» What you need to do
From the line that contains "日本成人祭典 众人赤身抬神龛入海(组图)" down to the final line below, please repeat each line exactly and nothing more, with no pictures.

[[ Data extract open ]]

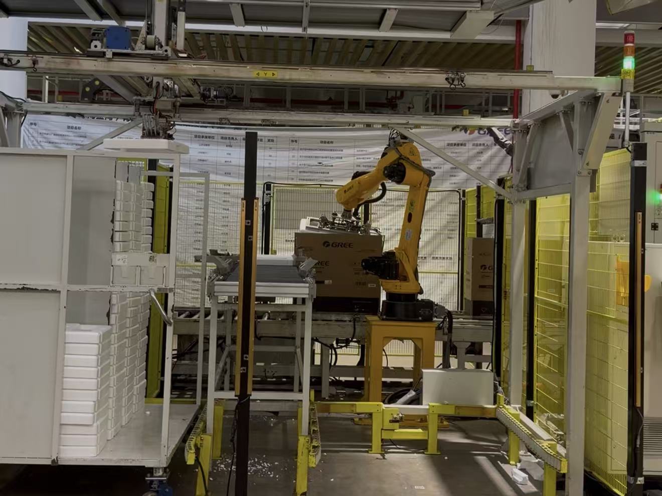 以套袋包装环节为例,记者看到现场的工业机器人会先将压平的纸箱铺开,精准撑起四角,随后进入装箱流程。为了让纸箱与空调机身更紧密贴合,搭载仿生臂的机器人会一边套箱,一边“试探”着有节奏的轻微摇晃动作,从而让包装自然顺滑地完成。
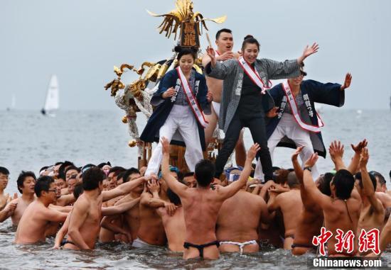 日本成人祭典 众人赤身抬神龛入海(组图)
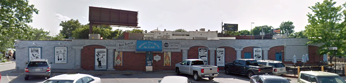 We added a burger billboard and updated the exterior of a classic Kansas City burger joint, The Westport Flea Market, as seen on The Food Network.before

[[ Data extract closed ]]

» Solution
 日本成人祭典 众人赤身抬神龛入海(组图)
 We added a burger billboard and updated the exterior of a classic Kansas City burger joint, The Westport Flea Market, as seen on The Food Network.before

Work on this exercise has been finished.